Communists should contribute to the redevelopment of working-class social centres, free art, music, sports and recreational events, libraries and working spaces. These will be the third precondition for a socially coherent and politically aware working class that can defend its own political majority from the forces of reactionary capitalist domination.
Our movement, if it ever develops to a mass scale, will need diverse strategies for disseminating political propaganda. Whitlam was at the mercy of the Australian corporate media, and also forced to navigate complicated parliamentary bureaucracy in such a way that he was easily portrayed as corruptible and chaotic.
If we intend to win, we will need a movement and political party that is far less naive than the Labor Party was and continues to be. The Labor Party are loyal to this colonial state. We are aiming to be revolutionaries.
Down with the monarchy!
The powers of the crown were used to remove a government, and they can be used again. The monarchy must be abolished.
Communists and socialists will need to be united and prepared for a future that is increasingly unstable. Our political success will be measured by the level of independence the working class of this region of the world can realise.

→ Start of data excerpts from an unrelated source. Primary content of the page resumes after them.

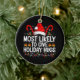 Most Likely Give Holiday Hugs Christmas Matching Ceramic Ornament
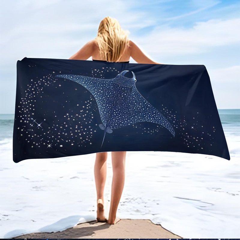 Manta Ray Towel with Starry DesignMicrofiber terry bath towels for yoga, travel, swimming, fitness and camping
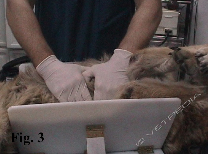 Quando la RCPC è eseguita da un solo operatore, si eseguono 2 ventilazioni ogni 15 compressioni toraciche diversamente quando gli operatori sono 2 o più, si eseguono 3-5 compressioni tra una ventilazione e l’altra. La frequenza delle compressioni deve essere è di circa 120/min nei pazienti fino ai 7 kg, nei pazienti maggiori di 7 kg la frequenza delle compressioni deve essere di 100/min. La forza compressoria da porre sul torace deve essere tale da produrre una deformazione dell’arco costale. Nei pazienti di taglia piccola la compressione è effettuata a livello dell’area di proiezione cardiaca sull’emitorace, mentre nei cani maggiori di 7 kg può essere effettuata nella porzione più convessa della parete toracica sfruttando l’effetto della pompa toracica, o meglio in decubito dorsale (Figg. 2 e 3).
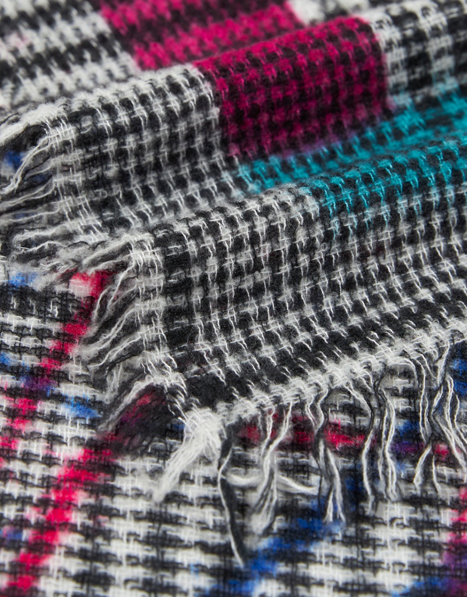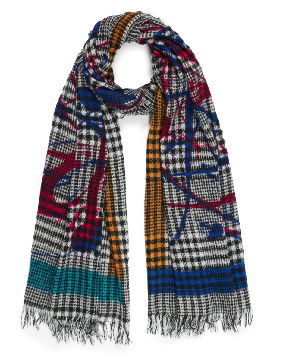 Complete your winter wardrobe with the Princy scarf made of a cashmere, wool and silk blend with fringes. The geometric pattern and colorful splashes of color make it perfect for breaking up monochromatic looks, giving immediate recognition in terms of style.
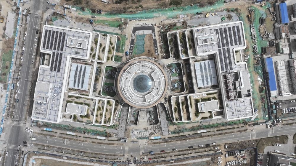 ↑這是位于雄安新區(qū)啟動區(qū)內(nèi)的中國衛(wèi)星網(wǎng)絡(luò)集團有限公司總部大樓建設(shè)現(xiàn)場(3月28日攝,無人機照片)。
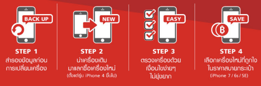 เป็นอีกสิ่งนึงที่ในต่างประเทศมีมาสักพักแล้วนะคะ กับการนำเครื่องเก่า ไปเพิ่มเงินแล้วแลกเป็นเครื่องใหม่ โดยตั้งแต่วันที่ 8 พ.ย. เป็นต้นไป จะอัพเกรดเป็น iPhone 8 หรือ iPhone 8 Plus ได้แล้วค่ะ โดยมีวิธีการดังนี้ ใครที่สนใจ ดูได้เพิ่มเติมที่ http://truemoveh.truecorp.co.th/news/detail/643

The dismissal still influences today’s electoral politics. The modern Labor and Liberal parties were moulded by this event. No one in politics has forgotten it, and the spectre of another constitutional crisis hangs over the Australian government at times. Scott Morrison used similarly anti-democratic tactics against his own party in 2018 — by refusing to recall parliament he avoided a leadership spill until he was able to hold an election.
The tragedy for Gough Whitlam in particular is he wasn’t able to adapt to a paradigm shift in the economic order. He tried to, but his attempts were thwarted by the rapidly changing nature of the times. The economy did not stabilise under Fraser and remained volatile until the mid-80s. But nevertheless, Whitlam was easily blamed for tectonic shifts in the global economic system.
We may be faced with even more difficult economic realities. This is why our program of a radically democratic workers republic is a necessary first step in the struggle for communism.